Los muertos de la fecundidad
El mecanismo de la memoria nos permite reproducir cómo era la vida y, sobre todo, cómo era el Anata Carnaval.
Sin duda, la pandemia ha trastornado los tiempos de consagración de la vida por el miedo y la incertidumbre. La autodefensa del espíritu apela a la memoria para reforzar nuestro sentido vital y sopesar la precariedad de todo lo que parece caerá sin remedio.
El mecanismo de la memoria nos permite reproducir cómo era la vida y, sobre todo, cómo era el Anata Carnaval. Para ello recurrí a una fotografía donde están mis abuelos y parte de mi familia; en el centro mi abuelo, excombatiente de la Guerra del Chaco y antiguo miembro de la Federación Obrera Local (FOL) de tendencia anarquista y la matriarca, mi abuela, protegiendo entre sus polleras a mi hermano mayor, a su lado mi tío menor, vestido con pantalones cortos y traje. Nosotros todavía no existíamos, pero unas décadas después seríamos testigos de los espléndidos festejos de Carnaval que estaban al comando de mis abuelos, emigrantes rurales de Oruro y Cochabamba que cargaron sus ethos, para armonizar lo ancestral del Anata con el Carnaval occidental.
Los preparativos empezaban el día de Todos Santos, en noviembre, así entendimos que la rememoración de nuestros muertos olvidados y recordados tiene que ver estrechamente con el Anata, el tiempo de jugar, del cuerpo y la fecundidad; por eso la adaptación del pulichinela o pierrot convertido en pepino se entierra en el cementerio y se lo revive en el mismo lugar, para significar el ciclo agrícola vital de la reproducción: muerte y vida, semilla y cosecha.
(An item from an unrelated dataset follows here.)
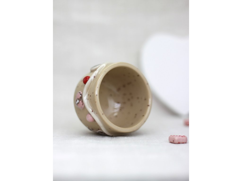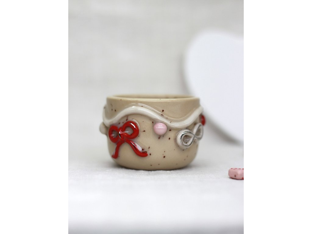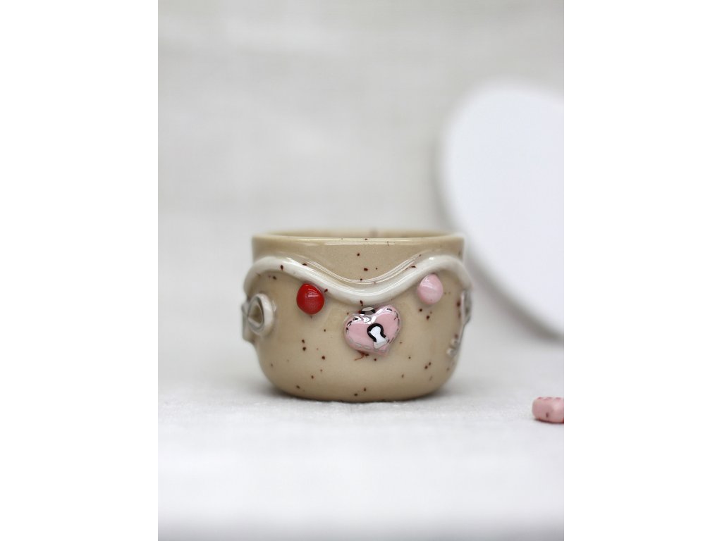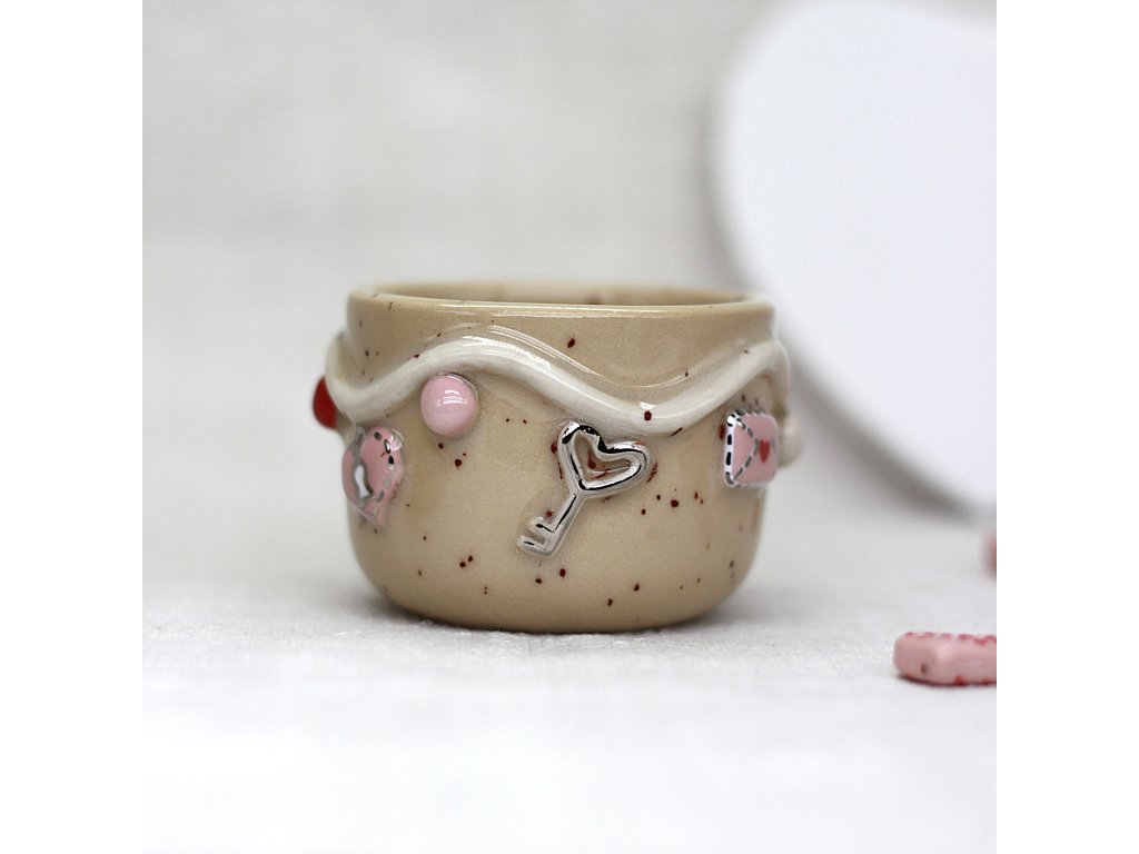 Hrnček je vyrobený zo svetlej kameniny, zdobený ručne modelovanou a engobami farbenou Valentínskou girlandou s ozdobami obálky so srdiečkom, srdiečkovým kľúčom a kladkou. symbolom nekonečna a mašličky. Girlandu zdobia aj platinové detaily, ktoré podčiarkujú krásu každého prvku.
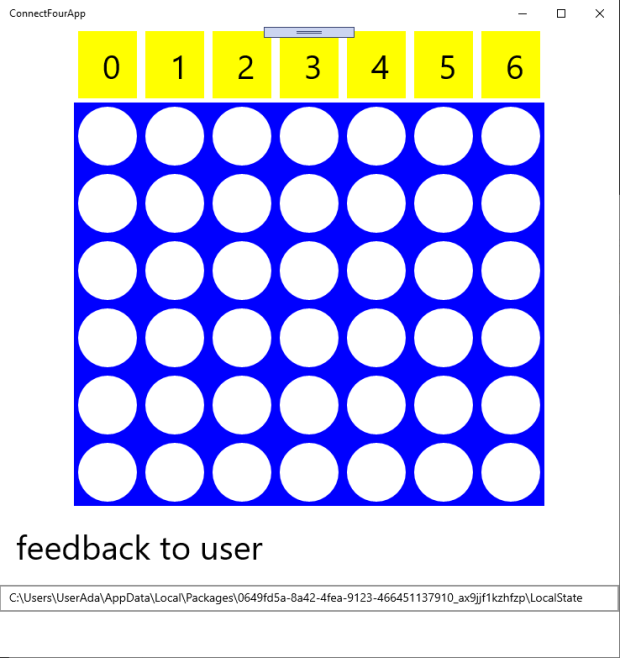 Klicka på en siffra (knapp) för att släppa ner en bricka. Logga varje drag till fil.

En la ciudad, el Carnaval empezaba viernes, todos los empleados del comercio y públicos cha’llaban sus oficinas; el sábado sucedía lo mismo en los talleres artesanales y en los barrios con emigrantes rurales, estos recorrían las calles con sus tropas munidas de tarkas y moxeños, instrumentos exclusivos de esas fechas porque “sus melodías son alegres y sus timbres ayudan a que las plantas florezcan y den sus frutos”, explicaba mi abuela.
El domingo ingresaba el corso infantil y al mediodía, taypi, centro que divide el día y la noche, se concentraba la multitud festejante en la ex Estación Central para la Entrada de Carnaval. Esta bajaba hasta el centro mismo de la ciudad y se expandía por todos sus alrededores. La clase media y alta entraba en carros alegóricos, adornados profusamente y con atuendos lujosos, las clases populares con vestimenta autóctona para la ocasión, adornadas con flores, duraznos, lúcumas, choclos, repartiendo entre la gente, para rememorar la reciprocidad de los frutos que brinda la Pachamama. Las tropas de pepinos eran enormes y no requeríamos de mucho dinero para incorporarnos a esa ola de alegría; los jóvenes de los barrios populares eran fervientes militantes de esas acciones, sobre todo durante la adolescencia, pero no entendíamos el sustrato profundo de lo que se vivía. Lunes del Jisk’a Anata Carnaval derrochábamos el agua, jugábamos hasta horas de la noche, luego se prohibió y esta forma de cha’llarse entre humanos se acabó.
El martes era el jacha anata uru, el gran día de celebración, donde todo está vivo, desde las herramientas, las casas que tienen su lugar hembra y macho, adornadas con flores, regadas de alcohol, agua y cereales dorados y plateados que simbolizan la luna hembra y el sol macho; el confite y las mixturas para que la Pachamama siempre nos dé abundancia de vida. Esos momentos están sedimentados en el comportamiento de muchos pobladores de Chukiyayu marka, la ciudad india que comparte con todos.
El miércoles, temprano, algunos carnavaleros iban a misa y llegaban con su cruz de ceniza en la frente; luego, inmediatamente, a desplazarse a la zona Sur para el día de campo, a comer comunitariamente, con las manos sin gel ni guantes, el apthapi. Los mayores libaban con cóctel de tumbo (mi favorito porque hice mi primera incursión festiva con este perfumado elixir) y adultos y niños bailaban hasta retornar a la casa y seguir la fiesta. Era fiesta total porque los menores nos quedábamos con los cambios de dinero que el abuelo, frenético como colibrí, se olvidaba.
El sábado y domingo de tentación, en la zona del Cementerio, era —en la ciudad— el remate con los chu’tas. En el área rural, la consagración a la vida y la fecundidad continuaba…
Édgar Arandia Quiroga es artista y antropólogo.